Greetings! Say "hi" to Agnetha & Anni next time you see them. :emoji_dancers:


----------



## erikradbo (Feb 18, 2019)

Välkommen!


----------



## MOMA (Feb 20, 2019)

HotCoffee said:


> Like most new users around here, I've been a lurker for quite a while. I have been entertaining myself with music production on/off on a hobby basis for about 20 years <insert anxiety spike>, starting with FastTracker II. Most of this time I've been doing House and Trance, but recently I've developed a keen interest in learning how to make "film score" type of music, mostly with an orchestral bias. So far I find this particular genre both extremely challenging and extremely rewarding, and oh, expensive...
> 
> See you around!



Välkommen - det kan behövas fler svenskar här
MOMA


----------



## HotCoffee (Feb 20, 2019)

@erikradbo och @MOMA, tack!


----------



## sleepy hollow (Feb 20, 2019)

Make sure you visit the VI-C Discord from time to time. 

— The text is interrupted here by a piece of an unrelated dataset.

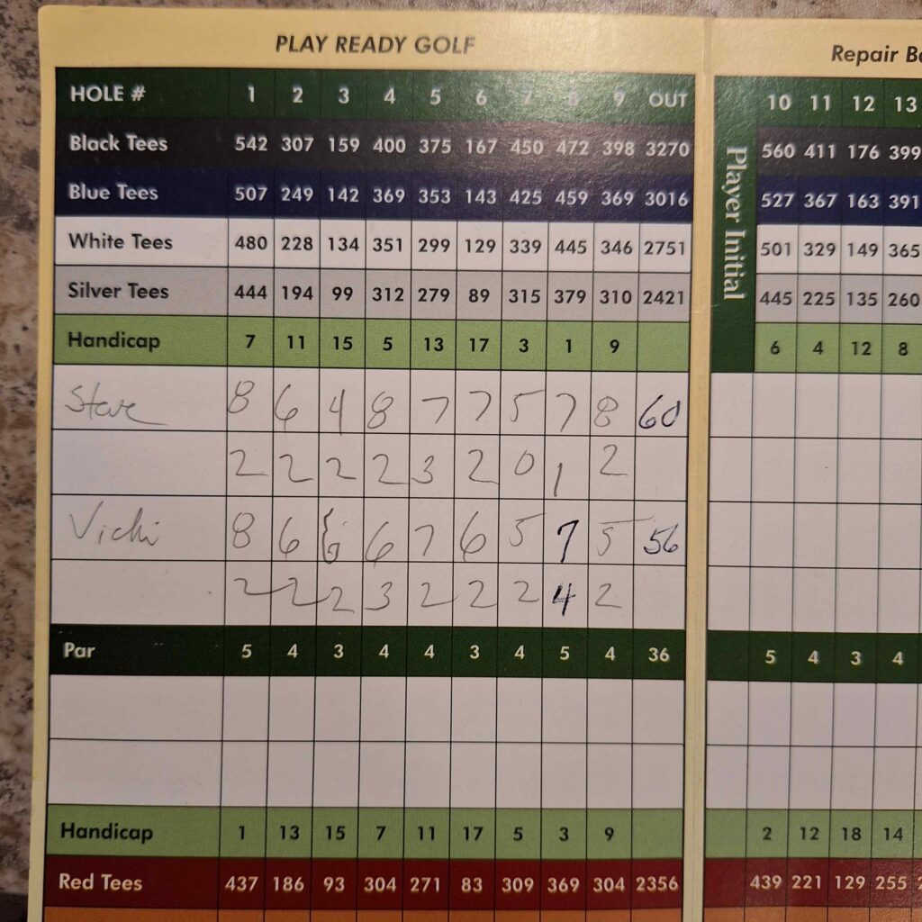 They offered a half price afternoon special, the catch was that we wouldn’t have time to play 18 holes. Which worked for us. V: 9 holes isn’t enough, 18 can be too many. We talked about doing a few more but ran out of time. The links were backed up on every hole. Carts have to be back by 6:20 at the golf courses as the sun was setting by 6:30 pm.

We have weird discussions, normal discussions, lots of good tips, at least one coffee snob, Scandinavians, and a whole lot of other goodies. In short: we have everything.

You can find an invite in this thread: https://vi-control.net/community/threads/forum-chat-room.55197/


----------



## Per Boysen (Mar 4, 2019)

Kul att se fler svenskar på det här forumet. Välkommen!


----------



## Fredeke (Mar 13, 2019)

I used to be a Fast Tracker II afficionado myself. Now I rewire Renoise with Reaper.

(Had several month-long stays in Sweden, loved it !)


----------



## Wolf68 (Mar 17, 2019)

welcome and greetings to the beautiful North!


----------



## Maxfabian (Mar 17, 2019)

Vi blir bara fler och fler Välkommen!


----------



## rottoy (Mar 17, 2019)

Välkommen, du nya gäst, nya gäst!


----------



## LinusW (Mar 17, 2019)

Another fellow tracker! That's where my journey began as well, though on the Amiga in the 80s. FT2 in the late 90s along my midi stuff before software samplers and plugins became a thing.

(Skrev på engelska för att inte bli helt exkluderande mot övriga världen...  )


----------